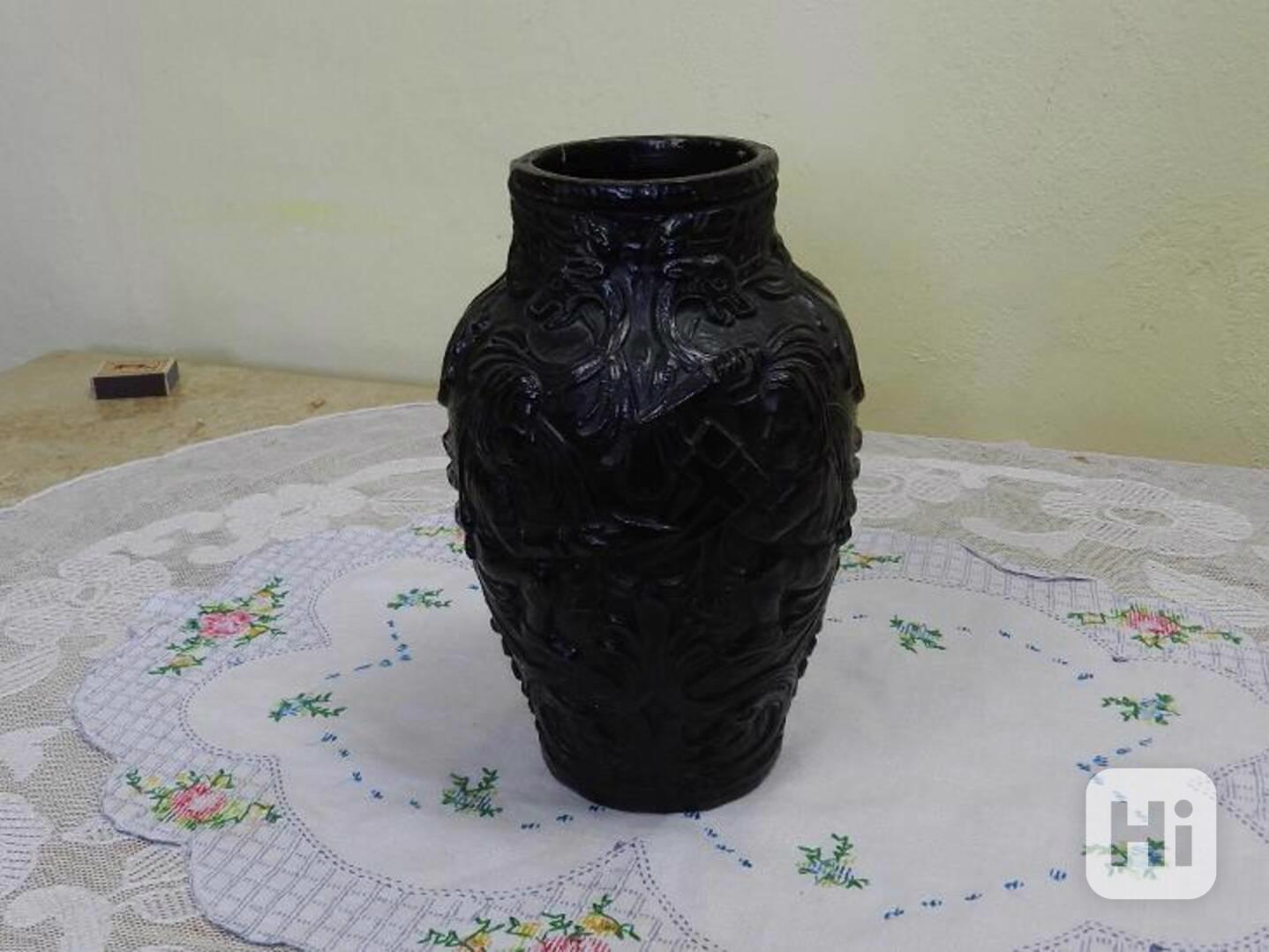 Krásná stará plastická keramická Váza s motivy Bojovníků a Draků - Johann Maresch.Výška 24cm, průměr 12,5cm, šířka 15cm, váha 1200g.
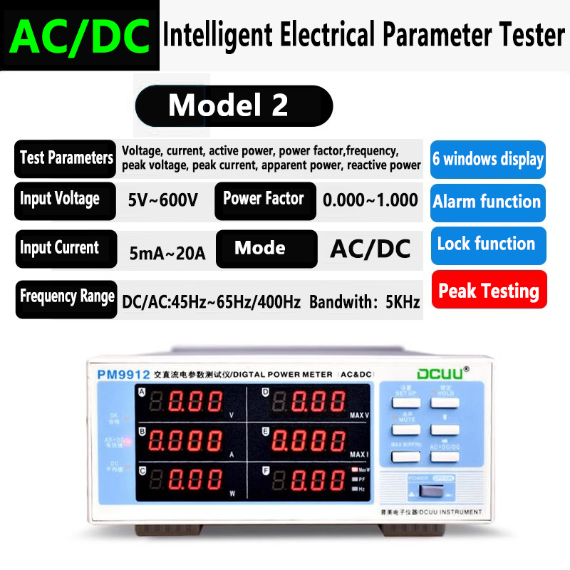 Affichage à 6 fenêtres, fonction d'alarme, fonction de verrouillage, test de crête
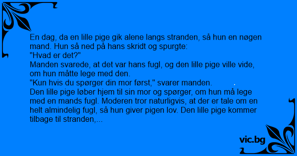 En dag, da en lille pige gik alene langs stranden, så hun en nøgen mand. Нun så ned på hans skridt og spurgte:
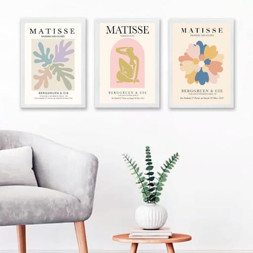 Kit 3 quadros posters matisse candy colors 33x24cm Moldura: madeira preta Informações do produto tire todas as suas dúvidas no descritivo abaixo: decoração para quarto, sala, cozinha, escritório, área gourmet e muito mais. Chega de paredes vazias medidas - cada peça tem 33x24cm a4 . Material do papel - papel fotográfico brilhante de altíssima resolução acabamento - todos os quadros são acompanhados de uma película de acetato para proteção da imagem. - os quadros são embalados de forma segura com plástico bolha com camada dupla de acordo com o tamanho dos quadros. - de 3 meses. Meu quadro chegou. Como posso fixá-lo Você precisa apenas de um martelo e um prego, pois os quadros já vão acompanhados de penduradores. Esta é a forma mais indicada. Caso prefira, você pode utilizar uma fita dupla face neste caso, sugerimos de alta qualidade para evitar que descole e seu quadro caia . Como posso limpar meu quadro A limpeza é feita como um móvel comum da sua casa. Apenas um pano seco ou espanador são suficientes para tal Marca: Não Informado Ean: 7892848316701

---

§ **EXERCISE REQUIREMENTS**: Starting with the line that contains "Affichage à 6" and ending with the last line of the material, every line must be written out exactly; no other lines and no pictures are wanted.

§ **SOLUTION TO THIS PROBLEM**:
 Affichage à 6 fenêtres, fonction d'alarme, fonction de verrouillage, test de crête
 En dag, da en lille pige gik alene langs stranden, så hun en nøgen mand. Нun så ned på hans skridt og spurgte:
 Kit 3 quadros posters matisse candy colors 33x24cm Moldura: madeira preta Informações do produto tire todas as suas dúvidas no descritivo abaixo: decoração para quarto, sala, cozinha, escritório, área gourmet e muito mais. Chega de paredes vazias medidas - cada peça tem 33x24cm a4 . Material do papel - papel fotográfico brilhante de altíssima resolução acabamento - todos os quadros são acompanhados de uma película de acetato para proteção da imagem. - os quadros são embalados de forma segura com plástico bolha com camada dupla de acordo com o tamanho dos quadros. - de 3 meses. Meu quadro chegou. Como posso fixá-lo Você precisa apenas de um martelo e um prego, pois os quadros já vão acompanhados de penduradores. Esta é a forma mais indicada. Caso prefira, você pode utilizar uma fita dupla face neste caso, sugerimos de alta qualidade para evitar que descole e seu quadro caia . Como posso limpar meu quadro A limpeza é feita como um móvel comum da sua casa. Apenas um pano seco ou espanador são suficientes para tal Marca: Não Informado Ean: 7892848316701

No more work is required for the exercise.